YOUR ASSIGNMENT:
Exactly the lines from the start of the data below through the line that contains "上圖為臨沂市人事局局長密守勇(前排右二)等領導參觀展廳時的情景" are to be copied, with pictures left out.

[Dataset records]
··········

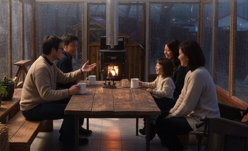 12시간 지속난방이 가능한 펠렛난로가 있는지 주변을 둘러보세요.
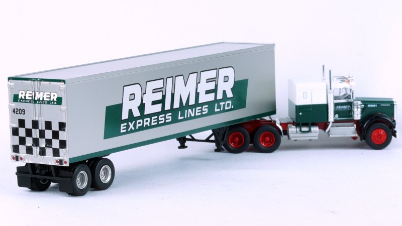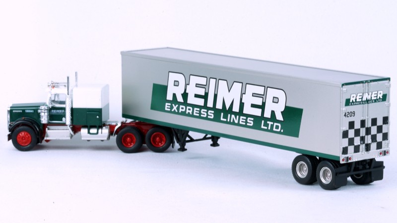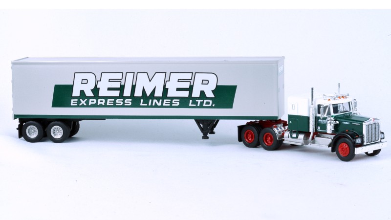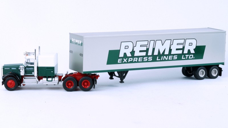 BRE86258 - HO Scale Brekina Kenworth W900 Tandem Axle Truck Tractor & 45' Trailer - Green/White "Reimer"
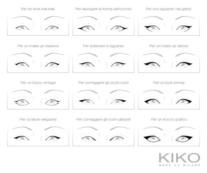 Quando si parla di eyeliner l’accento si posa sui tanti e svariati tipi . Tipologie diverse che danno vita a svariati effetti , ma utili , anche , per correggere i difetti dell’occhio , come ci mostra Kiko Milano in una tabella pubblicata sul sito .
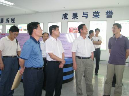 上圖為臨沂市人事局局長密守勇(前排右二)等領導參觀展廳時的情景
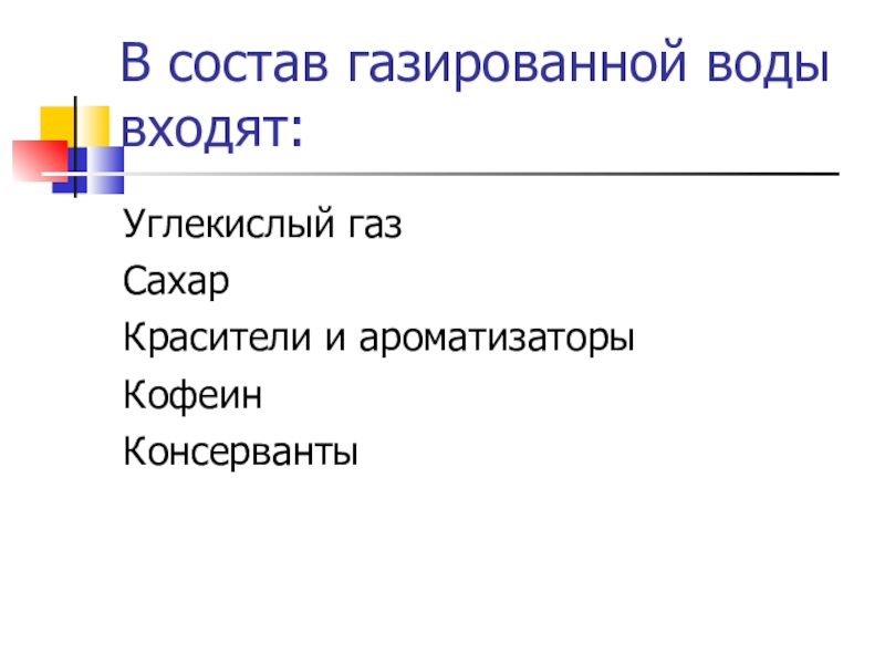 Слайд 7В состав газированной воды входят:

··········

OUTPUT BELOW:
 12시간 지속난방이 가능한 펠렛난로가 있는지 주변을 둘러보세요.
 BRE86258 - HO Scale Brekina Kenworth W900 Tandem Axle Truck Tractor & 45' Trailer - Green/White "Reimer"
 Quando si parla di eyeliner l’accento si posa sui tanti e svariati tipi . Tipologie diverse che danno vita a svariati effetti , ma utili , anche , per correggere i difetti dell’occhio , come ci mostra Kiko Milano in una tabella pubblicata sul sito .
 上圖為臨沂市人事局局長密守勇(前排右二)等領導參觀展廳時的情景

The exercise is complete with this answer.